The Role of Perspective in Shaping the Renaissance

Fig. 11. ‘The Flood’ by Michelangelo (1510).



Fig. 12.. ‘The Origin of the Milky Way’ by Tintoretto (1570).

The High-Renaissance emphasis on figural perspective lasted for two centuries, but new impetus in art was given by the appreciation of the two-point, or oblique, perspective construction in the 18th century. Stimulated perhaps by the vivid angular perspective in Bibiena's theatrical scene-painting, artists such as Poussin, Canaletto and Piranesi made bold forays into new forms of perspective construction. Led by a few specialists from the mid-17th century, eighteenth century art finally discovered the flexibility to introduce vanishing point in any direction at the whim of the artist, making extensive use of the oblique perspective construction. The classical revival was under way, leading to the gothic style that characterized 19th century art. Once again, the geometric techniques of depth evocation played a role in the evolution of artistic aesthetics.
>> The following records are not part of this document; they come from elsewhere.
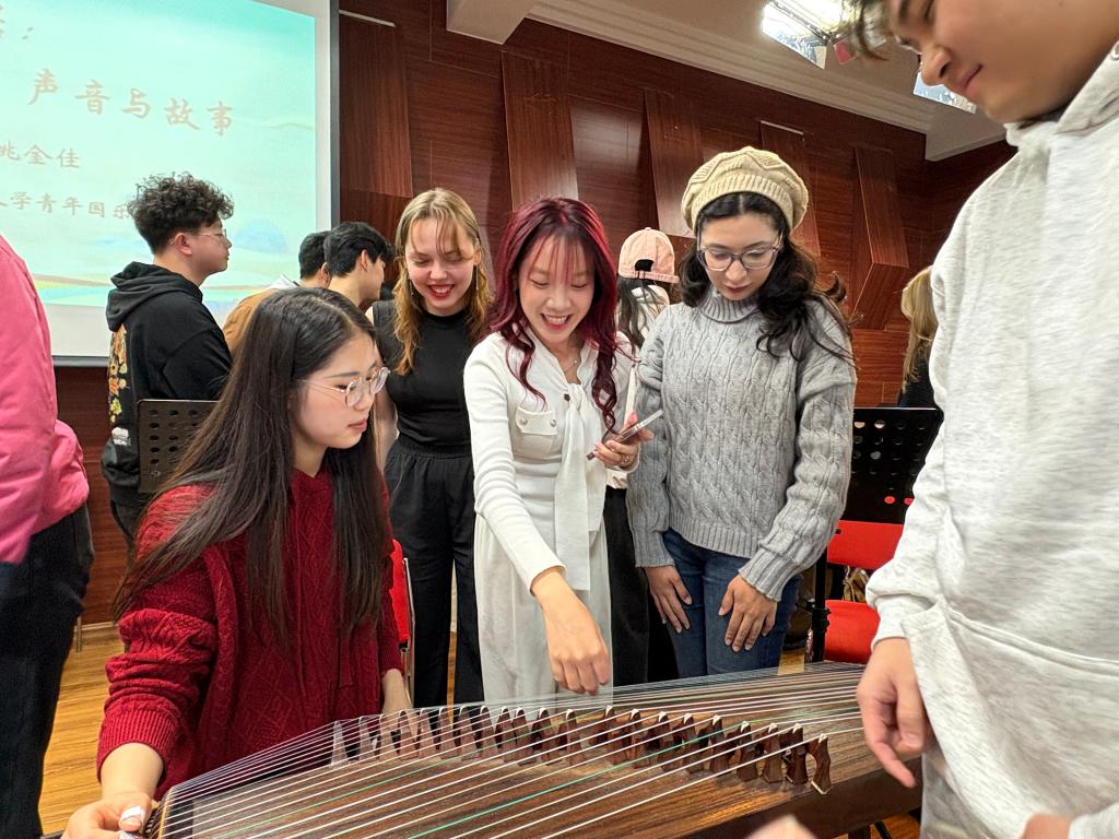 活动现场,青年国乐团带来扬琴、二胡等民乐器的经典曲目展演。琵琶弦音婉转悠扬,唢呐曲调高亢嘹亮,极具感染力的表演赢得了留学生的阵阵掌声。姚金佳老师还详细讲解了乐器的历史渊源、构造特点与演奏技巧,引导留学生近距离观察感受。
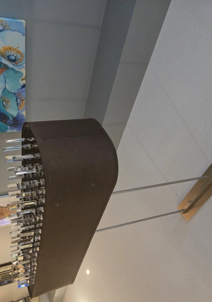 A pretty light brown satin shade with crystals - rectangular in excellent condition great over a diningroom table.
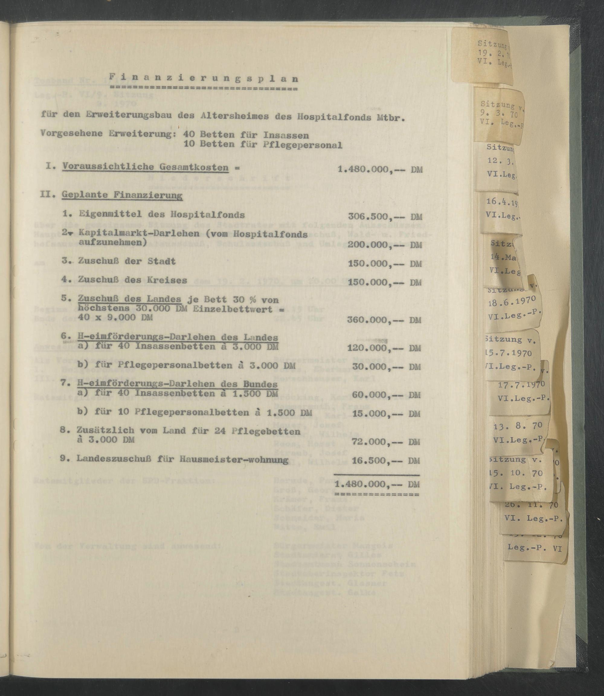 I. Voraussichtliche Gesamtkosten - 1.480.000,— DM
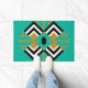 Este doormat presenta un diseño inspirado en el tejido Art Decó de formas diamantíferas en negro, blanco y bronceado en un campo de verde azulado.
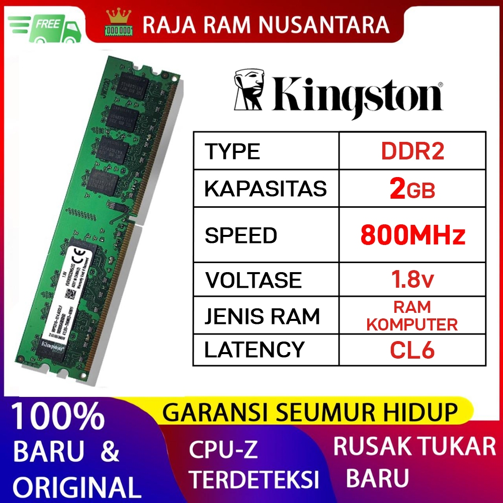Ram Pc Kingston Ddr2 2Gb 800Mhz Pc 6400 1.8V Ori Ram Komputer Ddr2 2Gb Longdimm
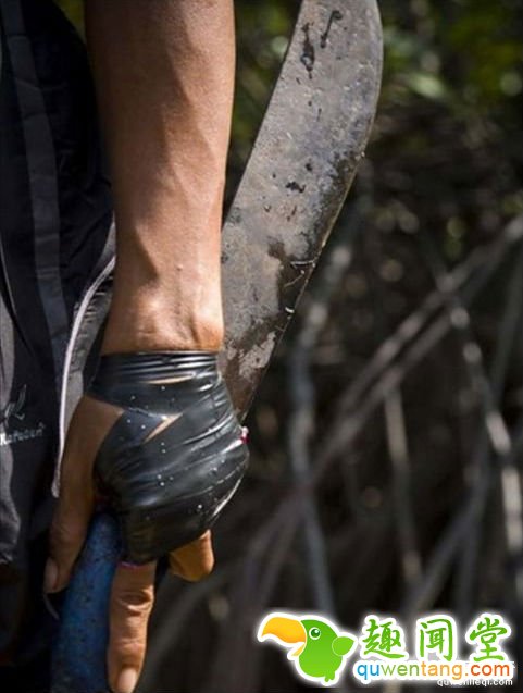 但是即使他们穷,却也是无恶不作,手上的那把大刀不知道沾满了多少人的血。图中,为摄影家实拍的一组手持大刀的海盗。
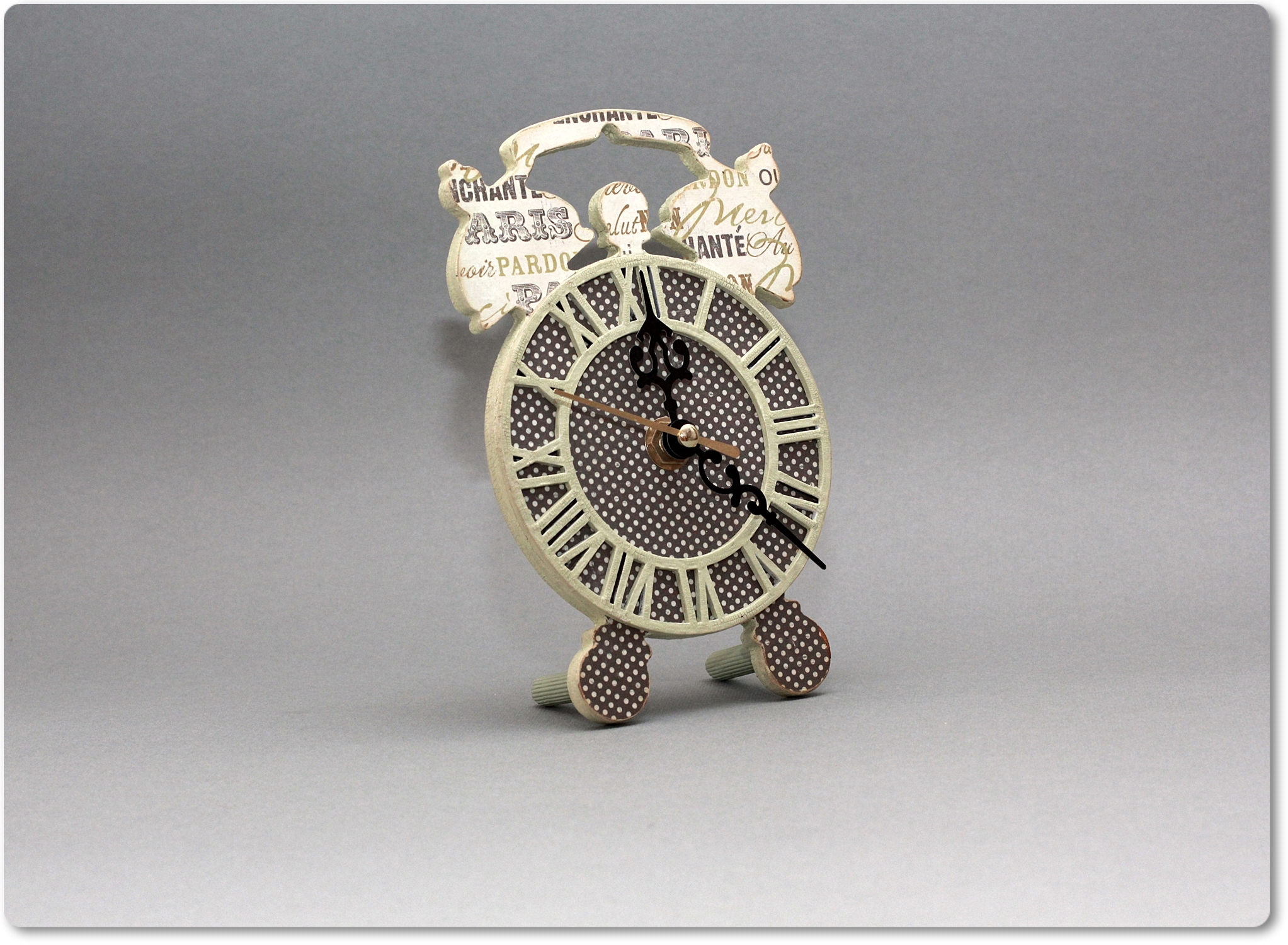 Материалы: Деревянная основа, бумага для скрапбукинга, кракелюрная и акриловые краски, акриловый лак, часовой механизм.
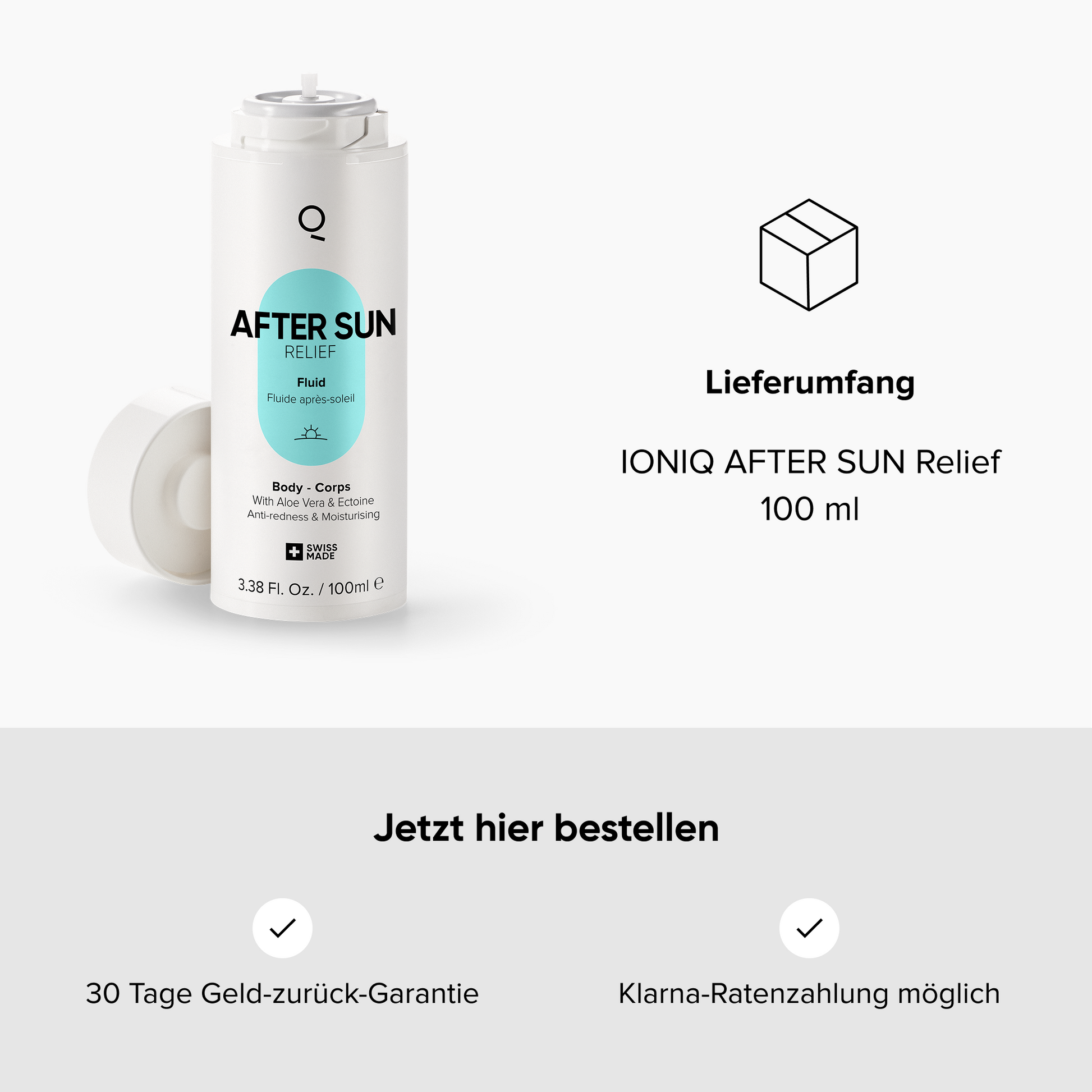 Tagsüber schützt du deine Haut mit IONIQ SUN vor der UV-Strahlung. Am Abend verwendest du IONIQ AFTER SUN, um sonnenverwöhnte Haut zu kühlen, beruhigen und intensiv mit Feuchtigkeit zu versorgen. Unser Tipp: Verwende IONIQ AFTER SUN auch bereits morgens nach dem Duschen – für einen Frischekick und erste Pflege, bevor du in den Tag startest.
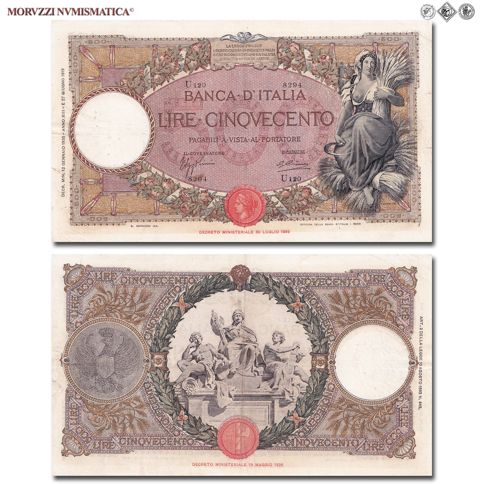 Regno d'Italia, Vittorio Emanuele III, BANCA D'ITALIA, LIRE 500, Capranesi - Mietitrice (fascio), 12.01.1935, D/ Nella destra figura muliebre, rappresentante l'Agricoltura, seduta sui covoni di grano, con falce nella mano destra e covone nella sinistra, R/ Nell'ornato centrale gruppo marmoreo esistente nella sede della Banca d'Italia, formato da figure allegoriche rappresentanti l'Economia, la Legge e la Finanza; nel medaglione sinistro aquila araldica sabauda, Rif. bibl. Crapanzano, 304; (CM102835), Firme: Azzolini, Cima, n° di serie: U120 8294, BB
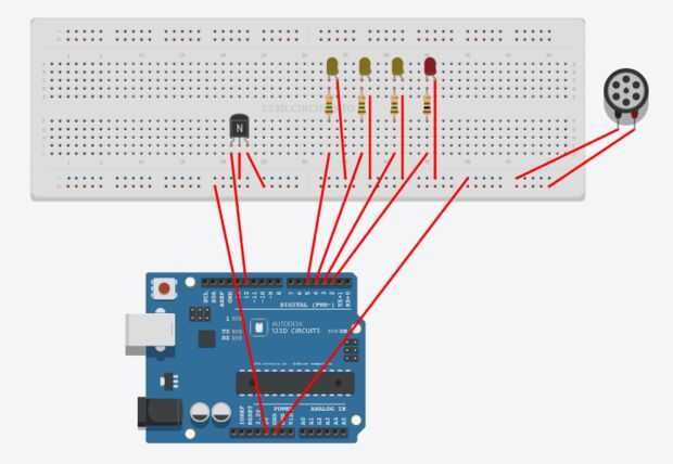 En cuanto a los LEDs, estoy usando pin 2 a 5. A partir de 2 Pin, donde se conecta mi LED blanco, 100 Ohm resistor está conectado a él en serie con el ánodo del LED y el cátodo está conectado a la tierra. Para los otros LEDs, está utilizando la conexión del patrón, pero se utilizan resistencias de 150 Ohm donde hay conectado al pin 3 a 5 en serie con el LED amarillo.
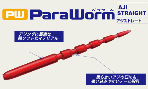 アジングに最適な超ソフトマテリアルのストレート。柔らかいアジの口にも吸いこみやすいテール設計

Fig. 13. ‘Piazza San Marco - Looking Southeast’ by Canaletto (1735-40).

One example of the style (Fig. 13) is the view of the Piazza San Marco in Venice by Canaletto, the Professor of Perspective at the Accademia in Venice. The buildings slope off to the right while the dominant lines in the Piazza converge to the left. The rhythm of the contrasting perspectives makes a pleasing counterpoint in the composition.